As the web3 creator economy grows, data analytics is becoming increasingly crucial for creators looking to understand their on-chain audience.
NFT creators are no exception – by understanding their community's data, and how their collectors interact, they can gain valuable insights into what works and doesn't.
The endgame with your data is to track metrics that let you know how your strategies perform against your strategic objectives.
Here are four reasons why NFT creators should be using blockchain analytics:
The blockchain can tell you a lot about your community – who they are, what they love, and how they interact.
This information is essential for understanding your audience and tailoring your content accordingly, or what we like to call ‘Know Your Collector.’
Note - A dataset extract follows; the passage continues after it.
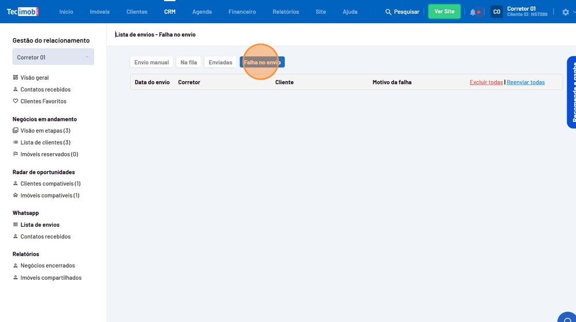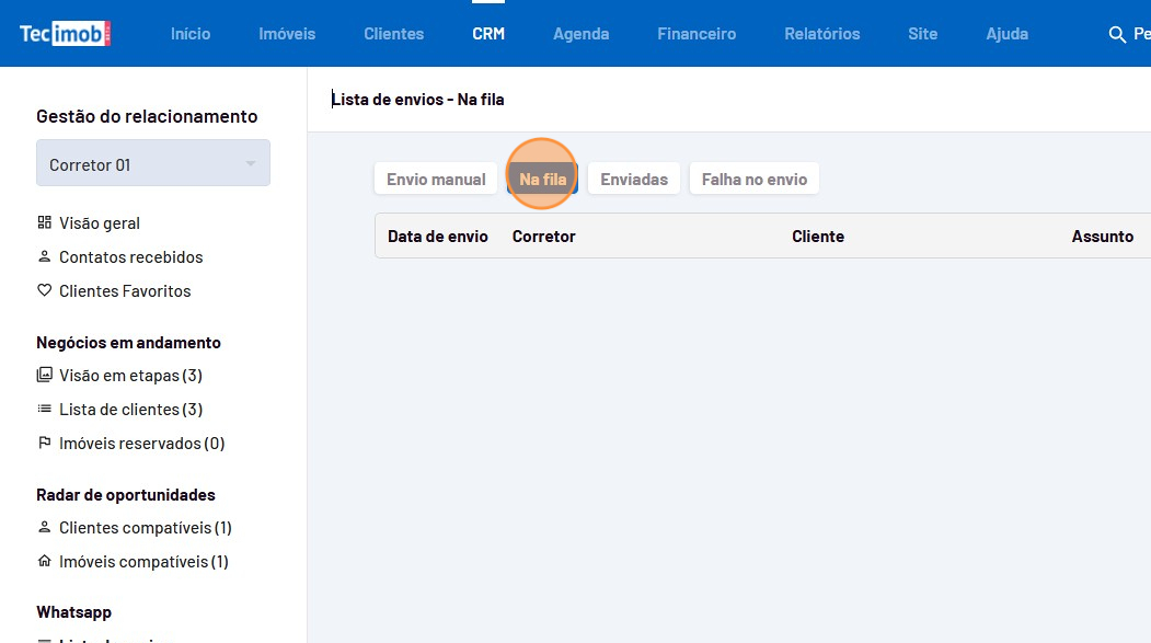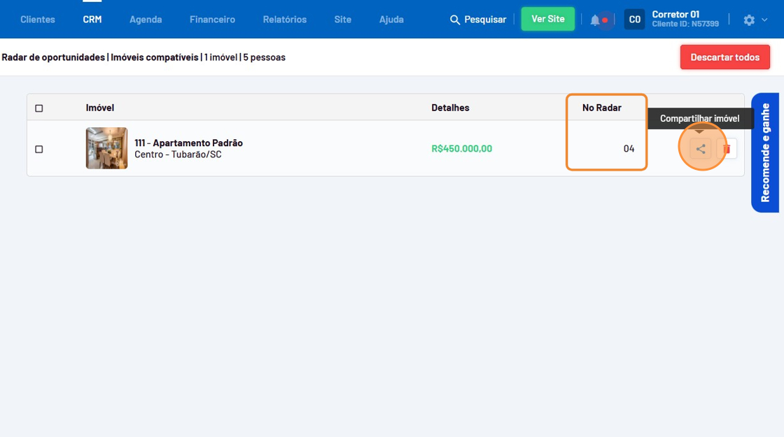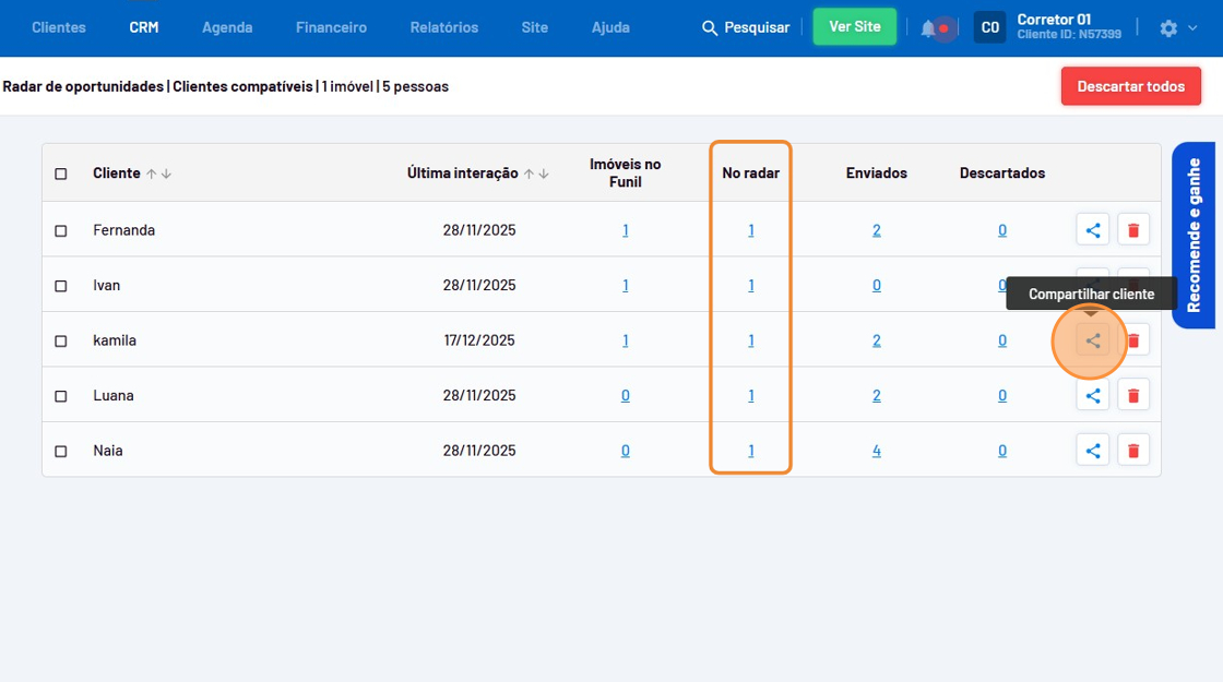 - Confira os clientes que são compatíveis com o imóvel na coluna "No Radar" e clique no ícone de compatilhamento.

The strength of your community lies within its numbers, so tracking your community’s growth is the key to your success.
The better informed you are on who’s in your community, you’ll be better positioned to create more favorable experiences that will keep them coming back.
To attract more collectors and retain existing ones, you need to understand how your collectors function, what other assets they hold, which DAOs they are voting in, how affluent they are, and more.
By knowing these data points, you’ll position yourself to make the right decisions to attract new collectors that fit similar profiles to your existing collectors.
When growing a crypto-based community, understanding each collector’s journey across web3 can help you make better-informed decisions on how you should structure your future roadmap.
For example, you may realize that 70% of your collectors have a wallet age of three and a half years, indicating they’ve been around the block. As a result, they may have had frequent exposure to market cycles, experienced a couple of rug pulls, and know their way around streets of web3, thus empowering you with the opportunity to get more experimental with how you present your next drop.
It's not enough to have an engaged community – you need to understand why they're engaged and what you can do to keep them coming back.
Blockchain analytics can help you identify on-chain engagement patterns and determine what content and strategies resonate with your audience.
But how do you measure engagement on-chain?
Some metrics entail:
These are just some examples, but the list continues and varies per community.
One of our favorite opportunities for creators is understanding how their collectors overlap with other artist communities.
For example, as a web3-native musician, you may see an overlap between your NFT collectors and another web3-native artist’s collectors with whom you’ve never collaborated.
Now, that’s an opportunity worth exploring!
The merge of your collector communities could lead to mutually-aligned favorable outcomes, rising all boats with the tide.
The use of on-chain is becoming essential for communities to outperform their peers or potentially work together in even more favorable instances.
It's not enough to have a successful NFT project launch – to create longevity, you need to be able to grow it over time. Blockchain analytics can help you identify growth opportunities and determine the most effective strategies for reaching new audiences.
For example, these insights may come in handy when preparing for your next drop. You may be wondering which communities you should cross-promote alongside and potentially allowlist specific addresses to get priority access.
Clarifying which other on-chain communities they collect from can give you an edge in understanding how to grow and cross-collaborate accordingly.
You may be preparing for your next drop and may want to figure out how you can tap into communities beyond your existing collector base.
By looking into the on-chain activity of other collections, you can strategically decipher what other assets they are collecting and which DAOs they participate in and tailor your marketing and communication strategies accordingly.
For example, let’s look at the web3-native Podcast Mint’ and how creator
Adam Levy used the data aggregated across his seasonal Pins to grow his listenership.
With the blockchain's open and transparent design, he can tap into exciting data.
For example, you’ll notice that 27.23% of Season 4 NFT collectors also collect Zora-related assets.
As a result, he invited a team member from Zora to join the podcast. Their session ended up being one of his most listened-to episodes of the season, garnering 41% more downloads than a typical podcast episode in Season 5.
Gathering audience data and leveraging it to improve content, grow your audience, secure key sponsorship deals, and more is a tried-and-true tactic. Still, it used to be slow, limited in scope, and challenging to scale.
With the blockchain being so open by design, we have a plethora of data at our fingertips; we need to know what to look for and how to crunch all that information so it makes sense.
With the correct information, you’ll stay ahead of the competition by understanding what your collectors are doing and where they spend their digital dough.
In web3, your community is your moat since it’s challenging to fork people who align with an established subset of values.
The correct data points can reveal secret insights into your community’s everyday purchases and on-chain contributions, allowing you to devise more effective and productive operating methods, content strategies, pricing plans, and forecast market patterns for future initiatives.
After this brief post, we hope you’ve realized that there’s more to a wallet than 42 characters.
These four reasons why crypto-native creators should treat data analytics as their best friend are just the tip of the iceberg.
Of course, this is just the tip of the iceberg. There's a wealth of information gleaned from on-chain data, so don't be afraid to dive in and start exploring.
So, what’s in your community’s wallets?